453.7well, yes, sort of ...INK::KALLISRemember how ephemeral is Earth.Wed Dec 09 1987 14:5022
    Re .6 (Max):
    
          >I remember several years ago eating in a restaurant of 
          >that name in Paris and here in Milan they are going to
          >open up a 24 hour a day shopping mall which is defined
          >as a Drug Store. 
          >Would this sort of complex be called a Drug Store in the
          >U.S. ? 
    
    Well, I don't know whether a whole _mall_ would be (except fopr
    Webb's Drug Store in St.
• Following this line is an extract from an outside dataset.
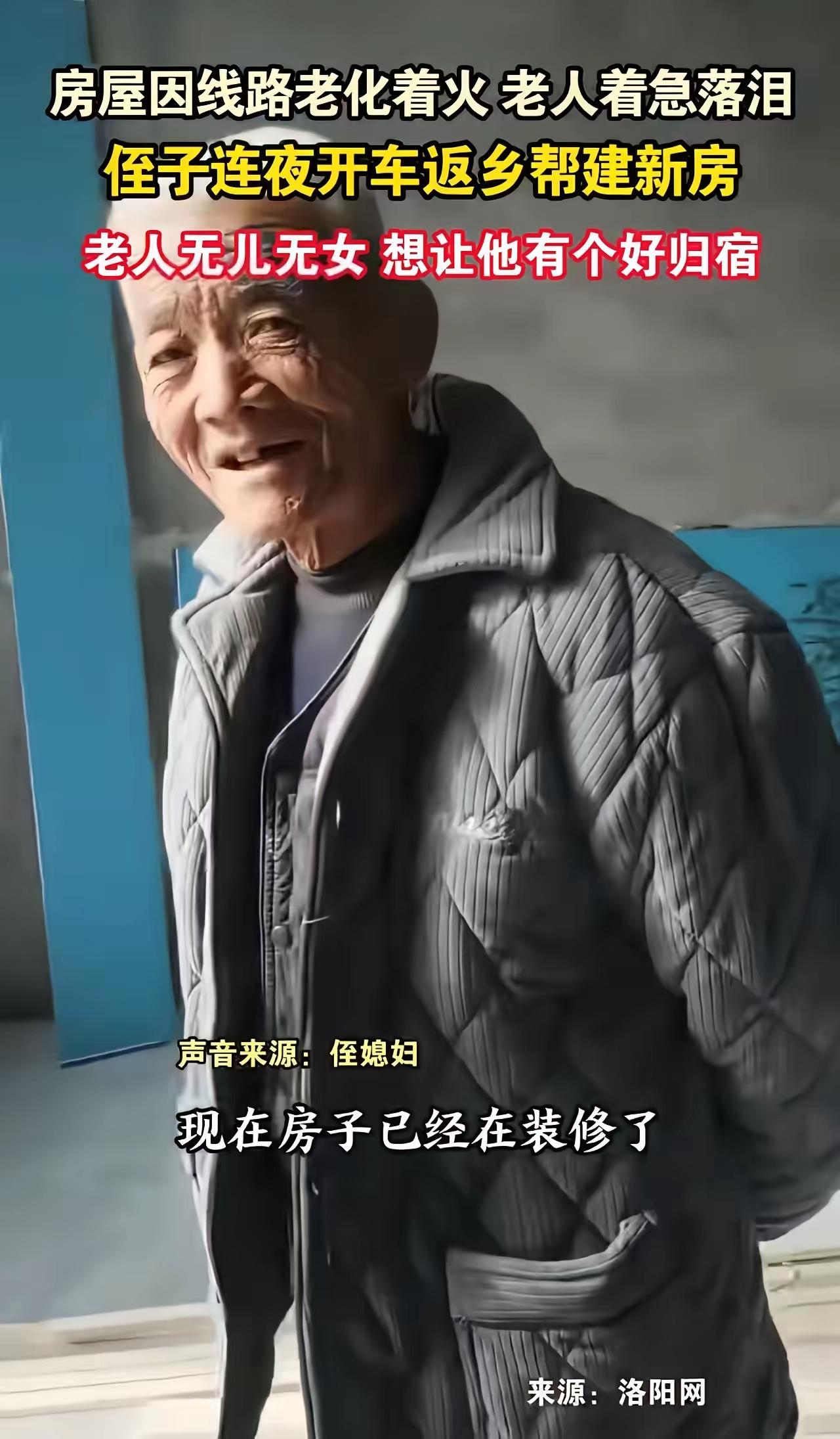 “侄子门前站,就不是绝户汉”!河南周口,老人无儿无女,房屋线路着火,老人着急落泪,一夜没睡。侄子听到消息,连夜开车返乡帮建新房!侄子:“他没孩子,我就是他的孩子,想让他有个好归宿!”网友:侄子是好侄子,侄媳妇才是宝! 事情发生在5月26号,对于周口这位老人来说,这天差点就垮了,老人一辈子没儿没女,就守着自己那间老房子过日子,没成想一场大火把一切都烧没了。 起火原因是线路老化,火起来的时候特别猛,等周围邻居帮忙把火扑灭,房子已经成了一片废墟,连个下脚的地方都难找。 老人在废墟跟前坐了一整夜,眼睛都哭肿了,他这辈子省吃俭用,好不容易攒下3000块钱,藏在房子里,着火的时候他急着进去拿,双手被烫得全是水泡,看着都揪心。 更危险的是,院子里停着他唯一的电动车,那是他平时出门的依靠,火最大的时候他还想往里冲,幸亏邻居们死死拉住,不然真不敢想会出啥事儿。 无儿无女的老人,此刻心里肯定特别绝望,不光是今晚没地方住,更怕自己后半辈子就这么没个着落。 他坐在那儿,脸上全是烟灰,浑身都透着一股凄凉劲儿,周围邻居看着都觉得心疼,却也只能劝几句,帮不上太大的忙。 老人没想到的是,远在千里之外浙江打工的侄子,很快就知道了家里的事儿,侄子一听说叔叔家着火,房子没了,人还受了伤,当下就跟媳妇商量着回家。 两人连行李都没仔细收拾,简单归置了一下就上了车,连夜往河南赶,这一路十几个小时,两人几乎没怎么休息,就想着能快点赶到叔叔身边。 等侄子赶到老家,看到坐在废墟边无助发呆的叔叔,心里别提多难受了,他赶紧走过去扶起叔叔,看到叔叔手上的水泡,眼圈一下子就红了。 侄子没说太多客套话,就想着先给叔叔找个临时住的地方,然后琢磨着重新盖房子。 都说“侄子门前站,就不是绝户汉”,这话在这儿真应验了。侄子心里很清楚,叔叔没孩子,自己作为侄子,就该担起照顾的责任。 他跟叔叔说自己就是他的孩子,不是随口安慰,而是真的打算好好安顿叔叔的晚年。 要盖房子可不是小事,不光费钱还费精力,侄子跟媳妇提这件事的时候,心里还稍微有点忐忑,没成想媳妇半点犹豫都没有,直接就同意了。 这一点也被网友看在眼里,大家都说侄子靠谱,侄媳妇更是个宝。毕竟这年头,要是家里媳妇不支持,侄子就算想帮忙,也难免会有矛盾。 有了媳妇的支持,侄子干活也更有劲头了,接下来就开始忙着处理废墟、找施工队、买建材,每天天不亮就起来忙活,直到天黑才歇着,把所有精力都放在盖房子上。 周围也有人说闲话,说侄子这么卖力,说不定是惦记老人的宅基地,或者想着以后可能有拆迁款,不然犯不着这么费心费力。 面对这些流言蜚语,侄子压根没放在心上,还是一门心思盖房子。 他盖房子的时候特别用心,不是随便盖个能住人的棚子,而是盖了一栋两层的小洋楼,窗户宽敞明亮,地面也铺得平平整整,比老人之前的老房子好太多了。 其实大家心里都清楚,要是真为了宅基地,没必要盖这么好的房子,侄子就是想让叔叔能住得舒服,能挺直腰杆安度晚年。 之前老人住的老房子,冬天漏风夏天漏雨,现在有了这栋新房子,再也不用受那个罪了,这不仅是给老人盖了个遮风挡雨的地方,更是给了老人活下去的底气和希望。 对于无儿无女的老人来说,以前可能总担心自己老无所依,被人说“绝户”,但自从侄子站出来,帮他盖房子,承诺照顾他以后的生活,老人脸上的笑容也多了起来。 他知道自己不是孤单一人,有侄子两口子惦记着,后半辈子有了着落。 眼看年底房子就能完工,老人就能搬进新房子过年了,那些关于宅基地的闲话,在老人安稳的晚年面前,显得特别可笑。 这世上最珍贵的从来不是算计来的利益,而是危难时刻有人愿意伸出援手,是亲情带来的温暖。 大家对此怎么看?欢迎评论区留下您的观点!

Petersberg), but in the Osco Drugs near
    where I work, you can buy drugs, cards, canned food, detergents,
    electrical supplies, cosmetics, radios, tape players, wrist watches,
    autimotive supplies, paperback books, brooms, dusters, artificial
    Christmas trees (and ornaments), photographic supplies, and copstume
    jewelery.
    
    "Drugstore" has come a long way from what it was when I was a child
    ...
    
    Steve Kallis, Jr.
          
453.8Curiouser and curiouser...DSSDEV::STONERoyWed Dec 09 1987 16:0421
    Strictly speaking, the original American "Drug Store" is what might
    more properly be called a Pharmacy or (in the UK et al), an Apothecary
    at which the principal business was the dispensing of prescription
    medication.  Because the prescription medicine business, by itself,
    could hardly be self-supporting, various side-line products were
    also offered...non-prescription medications, cosmetics, newspapers
    and periodicals, etc.  This concept continued to grow until we now
    have what we would term a Variety Store not that far removed from
    what we used to call a "Five and Dime" like the original form of
    thw Woolworth chain.  But they still retain the Drug Store connotation
    because they have a prescription druggist somewhere in the back
    of the facility. 
    
    An interesting aside is that from the early days of carbonated drinks,
    and ice cream, they were generally available at "soda fountains" found 
    in most drug stores.  For the past forty years, that element of drug
    store business has been disappearing, and is practically non-existent
    in most American drug stores today.
    
    It might make a most interesting graduate program thesis to trace
    the evolution of this phenomenon both in the U.S. and abroad. 
453.9thanksMLNOIS::HARBIGWed Dec 09 1987 16:096
         Re .7
                  Thanks Steve .....
                  I wonder if they sell rejuvenators for people
                  who feel as old as I do in these places :-).